The term “fermentation” is used herein to refer to a process whereby a microbial cell converts one or more substrate(s) into a desired product (such as PHB) by means of one or more biological conversion steps, without the need for any chemical conversion step.

The term “polyester” encompasses a group of polymers comprising polylactic acid (PLA), polyethylene tetrathalate (PET), polytrimethylene terephthalate (PTT), polybutylene terephthalate (PBT), polyethylene isosorbide terephthalate (PEIT), polyhydroxyalkanoate (PHA), polybutylene succinate (PBS), polybutylene succinate adipate (PESA), polybutylene adipate terephthalate (PEAT), polyethylene furanoate (PEP), polycaprolactone (PCL), poly (ethylene adipate) (PEA) and blends/mixtures of these polymers. Polyester containing material refers to textile or fabrics comprising at least one polyester-containing fiber.

The term “cellulose” as used herein refers to a polysaccharide having the formula (CHO)configured as a linear chain of (1→4) linked D-glucose units. The number of individual glucose monomers in the cellulose polymer defines the degree of polymerization of cellulose.

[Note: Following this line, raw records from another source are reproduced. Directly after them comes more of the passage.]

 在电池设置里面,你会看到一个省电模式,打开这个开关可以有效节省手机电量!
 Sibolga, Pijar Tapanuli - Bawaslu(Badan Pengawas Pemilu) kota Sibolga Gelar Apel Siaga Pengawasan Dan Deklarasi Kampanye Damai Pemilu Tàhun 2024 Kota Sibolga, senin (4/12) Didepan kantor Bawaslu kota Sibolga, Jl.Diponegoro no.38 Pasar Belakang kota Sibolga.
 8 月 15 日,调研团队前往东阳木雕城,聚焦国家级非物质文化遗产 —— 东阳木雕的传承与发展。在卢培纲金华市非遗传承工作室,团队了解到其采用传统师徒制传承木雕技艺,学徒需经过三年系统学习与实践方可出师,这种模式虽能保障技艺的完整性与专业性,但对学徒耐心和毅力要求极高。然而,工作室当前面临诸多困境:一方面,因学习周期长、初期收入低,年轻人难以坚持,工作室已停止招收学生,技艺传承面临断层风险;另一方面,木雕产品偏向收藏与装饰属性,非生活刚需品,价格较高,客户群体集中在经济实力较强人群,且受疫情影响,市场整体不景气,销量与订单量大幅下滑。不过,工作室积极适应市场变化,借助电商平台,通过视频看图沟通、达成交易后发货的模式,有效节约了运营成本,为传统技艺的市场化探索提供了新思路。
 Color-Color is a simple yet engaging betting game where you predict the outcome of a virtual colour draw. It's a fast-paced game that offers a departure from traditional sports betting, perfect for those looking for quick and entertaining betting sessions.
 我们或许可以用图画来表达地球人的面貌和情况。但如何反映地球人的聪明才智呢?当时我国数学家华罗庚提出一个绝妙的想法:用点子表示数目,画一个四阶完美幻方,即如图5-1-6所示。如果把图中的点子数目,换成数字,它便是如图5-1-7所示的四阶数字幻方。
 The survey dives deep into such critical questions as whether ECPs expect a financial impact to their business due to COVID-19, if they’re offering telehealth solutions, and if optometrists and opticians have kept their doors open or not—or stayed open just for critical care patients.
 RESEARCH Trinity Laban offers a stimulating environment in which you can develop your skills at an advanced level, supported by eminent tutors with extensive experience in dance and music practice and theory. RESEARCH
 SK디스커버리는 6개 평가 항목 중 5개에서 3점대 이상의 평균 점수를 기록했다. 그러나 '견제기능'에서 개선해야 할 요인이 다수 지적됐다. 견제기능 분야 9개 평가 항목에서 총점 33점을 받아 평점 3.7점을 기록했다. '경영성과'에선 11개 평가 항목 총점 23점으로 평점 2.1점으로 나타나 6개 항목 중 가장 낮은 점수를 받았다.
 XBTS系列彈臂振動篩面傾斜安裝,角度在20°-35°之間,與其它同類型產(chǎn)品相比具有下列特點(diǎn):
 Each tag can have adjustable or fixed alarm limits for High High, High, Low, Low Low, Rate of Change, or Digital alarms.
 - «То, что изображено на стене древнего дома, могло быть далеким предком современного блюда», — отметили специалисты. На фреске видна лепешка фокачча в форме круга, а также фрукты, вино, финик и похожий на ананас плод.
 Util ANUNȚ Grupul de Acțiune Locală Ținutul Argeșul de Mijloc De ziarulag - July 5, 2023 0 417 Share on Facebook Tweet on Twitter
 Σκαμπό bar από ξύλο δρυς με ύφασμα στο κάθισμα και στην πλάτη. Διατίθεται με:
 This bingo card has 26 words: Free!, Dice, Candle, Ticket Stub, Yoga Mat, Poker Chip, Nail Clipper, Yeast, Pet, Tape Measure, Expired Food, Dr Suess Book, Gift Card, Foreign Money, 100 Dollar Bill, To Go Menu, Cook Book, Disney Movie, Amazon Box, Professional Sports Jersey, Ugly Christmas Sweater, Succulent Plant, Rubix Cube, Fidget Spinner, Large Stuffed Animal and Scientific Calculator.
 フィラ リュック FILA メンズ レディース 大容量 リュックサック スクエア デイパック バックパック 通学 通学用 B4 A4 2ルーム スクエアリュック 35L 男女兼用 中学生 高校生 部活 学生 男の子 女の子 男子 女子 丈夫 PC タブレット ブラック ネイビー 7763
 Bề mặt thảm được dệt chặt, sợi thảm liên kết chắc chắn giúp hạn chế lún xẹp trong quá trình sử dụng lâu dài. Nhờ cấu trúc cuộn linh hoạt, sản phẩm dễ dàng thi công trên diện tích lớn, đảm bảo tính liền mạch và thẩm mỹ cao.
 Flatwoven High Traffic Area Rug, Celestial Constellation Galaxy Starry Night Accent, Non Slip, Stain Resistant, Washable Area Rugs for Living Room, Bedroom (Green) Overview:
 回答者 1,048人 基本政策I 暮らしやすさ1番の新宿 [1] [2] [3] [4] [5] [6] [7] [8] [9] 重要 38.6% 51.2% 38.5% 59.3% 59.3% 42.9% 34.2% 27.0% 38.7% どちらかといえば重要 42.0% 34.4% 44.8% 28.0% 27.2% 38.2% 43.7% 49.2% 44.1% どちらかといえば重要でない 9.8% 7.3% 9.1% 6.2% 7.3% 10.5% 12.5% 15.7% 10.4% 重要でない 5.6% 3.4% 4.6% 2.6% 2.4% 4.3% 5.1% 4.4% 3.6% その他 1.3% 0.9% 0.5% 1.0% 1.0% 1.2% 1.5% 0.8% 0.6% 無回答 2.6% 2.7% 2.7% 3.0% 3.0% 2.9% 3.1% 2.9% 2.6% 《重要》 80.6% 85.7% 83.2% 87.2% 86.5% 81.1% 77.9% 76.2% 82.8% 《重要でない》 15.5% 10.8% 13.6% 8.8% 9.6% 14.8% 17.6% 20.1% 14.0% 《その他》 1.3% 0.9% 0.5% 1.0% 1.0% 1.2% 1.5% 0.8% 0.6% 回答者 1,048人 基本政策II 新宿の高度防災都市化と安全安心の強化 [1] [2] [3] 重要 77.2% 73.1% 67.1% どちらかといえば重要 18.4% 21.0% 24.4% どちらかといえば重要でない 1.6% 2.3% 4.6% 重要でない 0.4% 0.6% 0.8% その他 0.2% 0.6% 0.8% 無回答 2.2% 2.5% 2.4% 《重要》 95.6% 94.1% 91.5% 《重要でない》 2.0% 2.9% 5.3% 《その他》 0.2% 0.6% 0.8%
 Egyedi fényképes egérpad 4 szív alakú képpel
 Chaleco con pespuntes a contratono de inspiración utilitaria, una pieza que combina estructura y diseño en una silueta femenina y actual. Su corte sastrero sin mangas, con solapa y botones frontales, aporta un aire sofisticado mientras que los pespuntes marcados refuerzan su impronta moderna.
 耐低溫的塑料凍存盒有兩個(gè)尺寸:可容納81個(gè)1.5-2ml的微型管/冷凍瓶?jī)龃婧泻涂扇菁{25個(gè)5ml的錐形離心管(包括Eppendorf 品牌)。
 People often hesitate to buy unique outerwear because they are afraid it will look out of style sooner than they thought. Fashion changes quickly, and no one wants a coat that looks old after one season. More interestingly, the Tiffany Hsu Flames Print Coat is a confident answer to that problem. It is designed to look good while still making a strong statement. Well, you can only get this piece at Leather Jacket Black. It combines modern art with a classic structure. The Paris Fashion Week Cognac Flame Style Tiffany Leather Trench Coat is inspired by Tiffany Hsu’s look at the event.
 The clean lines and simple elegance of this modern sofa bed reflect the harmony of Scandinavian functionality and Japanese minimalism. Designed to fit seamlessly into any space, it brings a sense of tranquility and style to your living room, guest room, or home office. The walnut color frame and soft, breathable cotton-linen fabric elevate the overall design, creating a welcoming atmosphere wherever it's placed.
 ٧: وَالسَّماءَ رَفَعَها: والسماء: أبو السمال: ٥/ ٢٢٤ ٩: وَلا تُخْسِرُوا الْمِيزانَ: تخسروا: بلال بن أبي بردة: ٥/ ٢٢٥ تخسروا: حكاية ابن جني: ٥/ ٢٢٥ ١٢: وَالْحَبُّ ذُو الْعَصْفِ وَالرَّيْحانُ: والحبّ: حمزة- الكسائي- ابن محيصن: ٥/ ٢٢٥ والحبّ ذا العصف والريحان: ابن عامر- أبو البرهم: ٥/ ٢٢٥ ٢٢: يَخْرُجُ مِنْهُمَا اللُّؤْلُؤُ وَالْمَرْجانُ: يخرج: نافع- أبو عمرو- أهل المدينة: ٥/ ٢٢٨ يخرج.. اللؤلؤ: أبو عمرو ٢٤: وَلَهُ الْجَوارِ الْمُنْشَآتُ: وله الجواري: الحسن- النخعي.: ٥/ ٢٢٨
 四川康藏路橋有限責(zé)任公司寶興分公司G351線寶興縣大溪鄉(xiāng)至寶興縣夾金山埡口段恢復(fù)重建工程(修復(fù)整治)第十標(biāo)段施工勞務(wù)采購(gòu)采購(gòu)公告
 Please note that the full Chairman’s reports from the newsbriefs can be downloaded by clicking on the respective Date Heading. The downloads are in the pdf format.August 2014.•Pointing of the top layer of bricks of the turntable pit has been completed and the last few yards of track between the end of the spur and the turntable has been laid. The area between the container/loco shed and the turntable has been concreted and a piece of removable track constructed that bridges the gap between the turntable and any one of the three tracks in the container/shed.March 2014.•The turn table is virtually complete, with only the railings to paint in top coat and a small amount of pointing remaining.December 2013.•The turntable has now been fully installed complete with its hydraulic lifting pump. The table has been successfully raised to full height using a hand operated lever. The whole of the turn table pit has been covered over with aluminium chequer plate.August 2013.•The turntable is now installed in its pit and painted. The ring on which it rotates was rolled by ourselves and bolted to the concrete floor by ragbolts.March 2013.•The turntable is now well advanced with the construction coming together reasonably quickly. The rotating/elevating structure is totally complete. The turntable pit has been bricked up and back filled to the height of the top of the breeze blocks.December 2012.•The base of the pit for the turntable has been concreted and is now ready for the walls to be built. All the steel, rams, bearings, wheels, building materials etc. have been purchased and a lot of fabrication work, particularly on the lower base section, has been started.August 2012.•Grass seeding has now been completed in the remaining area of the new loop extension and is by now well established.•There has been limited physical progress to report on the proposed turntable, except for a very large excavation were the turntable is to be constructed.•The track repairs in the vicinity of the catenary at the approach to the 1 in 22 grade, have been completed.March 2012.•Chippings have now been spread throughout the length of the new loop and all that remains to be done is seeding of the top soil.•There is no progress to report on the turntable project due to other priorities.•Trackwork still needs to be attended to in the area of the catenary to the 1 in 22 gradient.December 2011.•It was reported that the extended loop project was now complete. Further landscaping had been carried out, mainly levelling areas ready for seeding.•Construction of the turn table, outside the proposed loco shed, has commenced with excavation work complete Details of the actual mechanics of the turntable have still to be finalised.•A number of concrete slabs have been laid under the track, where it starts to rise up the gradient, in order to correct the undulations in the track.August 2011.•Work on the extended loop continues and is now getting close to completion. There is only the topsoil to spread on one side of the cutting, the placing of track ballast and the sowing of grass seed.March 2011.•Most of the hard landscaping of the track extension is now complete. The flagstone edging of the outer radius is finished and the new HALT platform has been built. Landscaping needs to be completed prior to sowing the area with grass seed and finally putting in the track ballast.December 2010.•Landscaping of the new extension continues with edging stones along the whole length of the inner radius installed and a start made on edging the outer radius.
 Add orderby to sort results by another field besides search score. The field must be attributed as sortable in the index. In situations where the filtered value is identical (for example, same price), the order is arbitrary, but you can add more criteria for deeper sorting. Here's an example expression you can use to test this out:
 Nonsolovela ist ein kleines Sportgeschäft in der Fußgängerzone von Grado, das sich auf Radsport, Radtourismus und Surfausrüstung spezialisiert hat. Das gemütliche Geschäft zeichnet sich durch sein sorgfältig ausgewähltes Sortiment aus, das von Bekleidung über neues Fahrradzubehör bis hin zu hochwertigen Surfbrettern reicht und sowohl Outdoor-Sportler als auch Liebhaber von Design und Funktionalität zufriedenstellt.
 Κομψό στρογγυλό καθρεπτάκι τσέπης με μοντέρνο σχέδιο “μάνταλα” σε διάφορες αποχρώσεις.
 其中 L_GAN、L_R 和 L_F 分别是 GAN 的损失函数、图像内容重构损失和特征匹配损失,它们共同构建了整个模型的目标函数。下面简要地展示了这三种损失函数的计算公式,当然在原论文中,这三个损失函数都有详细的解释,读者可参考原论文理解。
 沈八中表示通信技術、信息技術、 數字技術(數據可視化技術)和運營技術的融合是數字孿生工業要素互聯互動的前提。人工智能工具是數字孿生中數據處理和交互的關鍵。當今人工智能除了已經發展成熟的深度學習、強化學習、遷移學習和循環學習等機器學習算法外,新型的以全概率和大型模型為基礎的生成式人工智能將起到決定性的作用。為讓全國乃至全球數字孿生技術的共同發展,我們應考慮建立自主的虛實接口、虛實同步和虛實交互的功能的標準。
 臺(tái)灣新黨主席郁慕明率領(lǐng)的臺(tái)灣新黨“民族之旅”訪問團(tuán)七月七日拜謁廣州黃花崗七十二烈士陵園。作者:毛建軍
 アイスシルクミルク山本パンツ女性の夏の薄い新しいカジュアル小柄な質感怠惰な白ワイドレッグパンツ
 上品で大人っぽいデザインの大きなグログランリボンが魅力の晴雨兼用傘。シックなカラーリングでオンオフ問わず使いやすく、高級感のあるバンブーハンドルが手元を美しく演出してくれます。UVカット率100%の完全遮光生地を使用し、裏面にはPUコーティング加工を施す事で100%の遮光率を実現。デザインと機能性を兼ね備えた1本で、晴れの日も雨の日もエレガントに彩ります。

The term “subcritical water” or “SCW” as used herein refers to liquid water at temperatures between the atmospheric boiling point (100° C.) and the critical temperature (374° C.) that present unique features with respect to its properties, such as density, dielectric constant, ion concentration, diffusivity, and solubility. In the subcritical region, the ionization constant (Kw) of water increases with temperature and is about three orders of magnitude higher than that of ambient water, and the dielectric constant of water drops from 80 to 20.